Terriennes

Hystérectomies abusives en Inde : la réalité du scandale en images

Chargement du lecteur...

Dans les régions rurales de l'Inde, de jeunes ouvrières agricoles acceptent l'ablation de leur utérus, sous l'influence, voire la contrainte, de médecins indélicats, mais aussi d'exploitants soucieux de leur productivité et de conditions de vie sommaires. La photojournaliste Chloé Sharrock est allée à la rencontre de ces femmes. 

Qu'est-ce qu'une hystérectomie ? Ce terme médical désigne une opération chirurgicale visant à supprimer l'utérus d'une patiente. "C'est un acte important... qui, en plus de rendre stérile, peut entraîner ou non une ménopause," explique la gynécologue Brigitte Letombe sur le site du Journal des femmes. Sur ce même site, on peut lire que l'ablation de l'utérus est principalement indiquée chez les femmes âgées de plus de 50 ans, souffrant d'une pathologie que les médicaments n'ont pas pu traiter - cancer, endométriose, fibrome... Enfin, elle peut être réalisée par voie vaginale ou par coelioscopie ; seule la laparotomie, l'ouverture du ventre comme pour une césarienne, laisse une grosse cicatrice. 

Alors pourquoi quelque 35% des ouvrières agricoles de la région de Bid, dans l'ouest de l'Inde, n'ont-elles plus d'utérus ? D'autant que la plupart, selon les associations locales, n'ont pas 30 ans... Qui sont ces coupeuses de cannes qui, chaque année, à la fin de la mousson, vont travailler six mois dans les champs de cannes à sucre du Karnataka ? La photojournaliste française Chloé Sharrock a mené l'enquête et photographié les conditions de vie de celles qu'elle nomme sugar girls, mais aussi les séquelles des hystérectomies qu'elles ont subies et qui sont aujourd'hui dénoncées comme abusives.

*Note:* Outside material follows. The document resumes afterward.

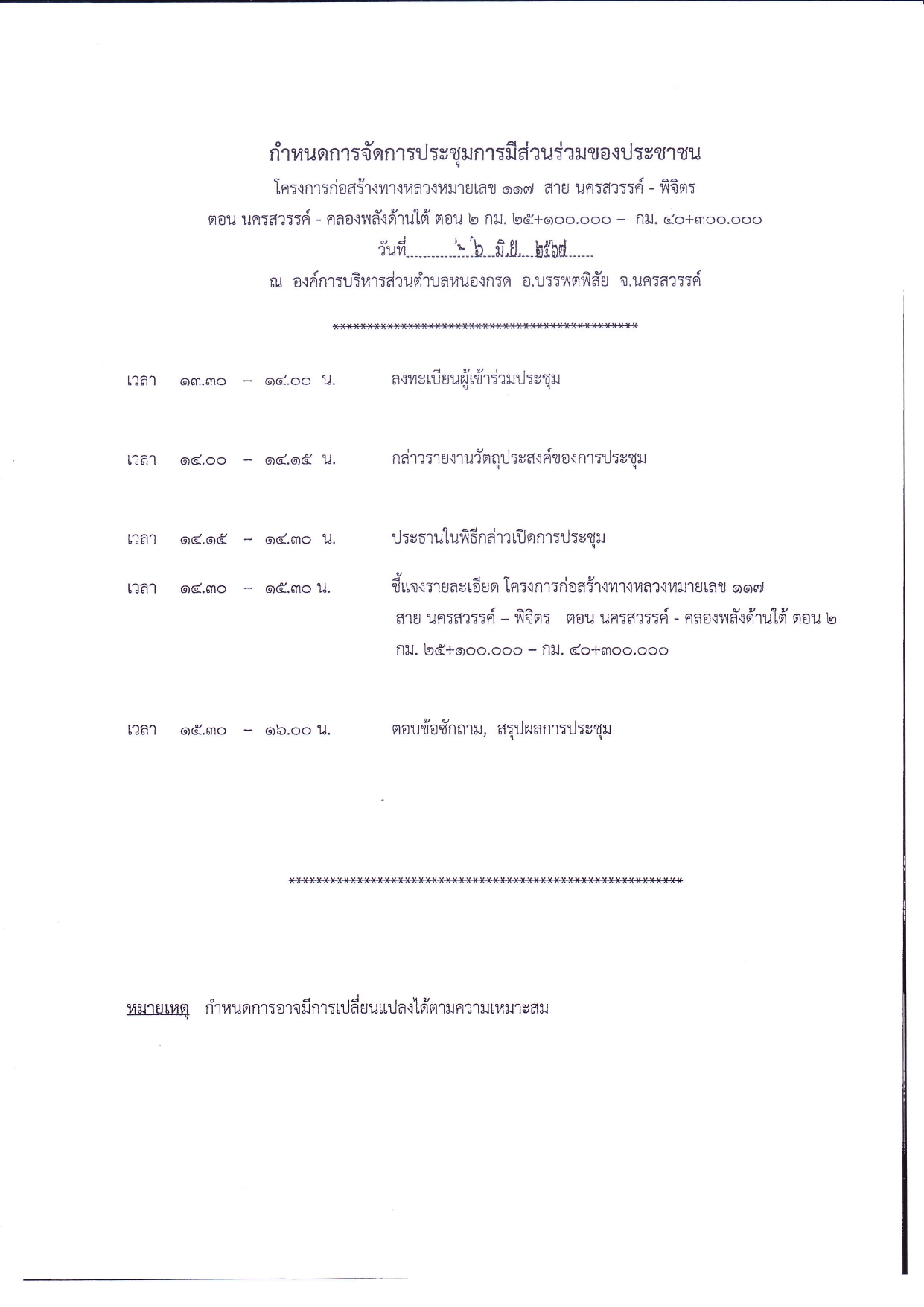 การประชุมการมีส่วนร่วมของประชาชน โครงการก่อสร้างทางหลวงหมายเลข 117 สาย นครสวรรค์ – พิจิตร ตอน นครสวรรค์ – คลองพลังด้านใต้ ตอน 2 ระหว่าง กม. 25+100 – กม. 40+300

Ses photos ont été exposées au festival international de photojournalisme "Visa pour l'Image"

Femmes, illettrées, vulnérables

Chloé Sharrock explique ce qu'elle a découvert dans les villages pauvres du district de Bid, dans l'ouest du sous-continent : "Les médecins du secteur privé font pression sur des femmes encore jeunes pour qu'elles se fassent opérer et générer des profits."  Pauvres et illettrées, les journalières agricoles, qui vivent dans des conditions d'hygiène précaires, se laissent convaincre de subir une opération qui, pensent-elle, leur facilitera la vie en les privant de menstruations. Car lorsqu'elles migrent vers le sud, vers la sugar belt du Karnataka, les familles des coupeurs de cannes vivent pendant six mois de façon quasi nomade. "Les voyages sont éprouvants, dans des camions en plein soleil, et les conditions de vie rudimentaires, sur la terre sèche, sous des tentes sommaires, sans sanitaires," rapporte Chloé Sharrock, qui a suivi la migration des coupeurs. 

Détail d'une photo de Chloé Sharrock sur le site du festival Visa pour l'Image.
Détail d'une photo de Chloé Sharrock sur le site du festival Visa pour l'Image.

Dans les champs de cannes, les ouvrières agricoles exercent un travail particulièrement pénible sur le plan physique. Leurs articulations, entre autres, sont mises à rude épreuve pendant des journées de travail de 12 à 16 heures. La coupe des cannes à sucre se pratiquant de façon "informelle", elle n'est pas réglementée : "Aucune législation, aucun syndicat ne défend ces femmes. Elle n'ont pas de sécurité sociale pour s'arrêter si elles sont malades ou enceintes - mariées très jeunes, elles enchaînent les maternités - et pas question de se reposer quand elles ont leurs règles," explique Chloé Sharrock. Au contraire, elles sont punies d'une amende pouvant atteindre 500 roupies pour une journée de travail manquée.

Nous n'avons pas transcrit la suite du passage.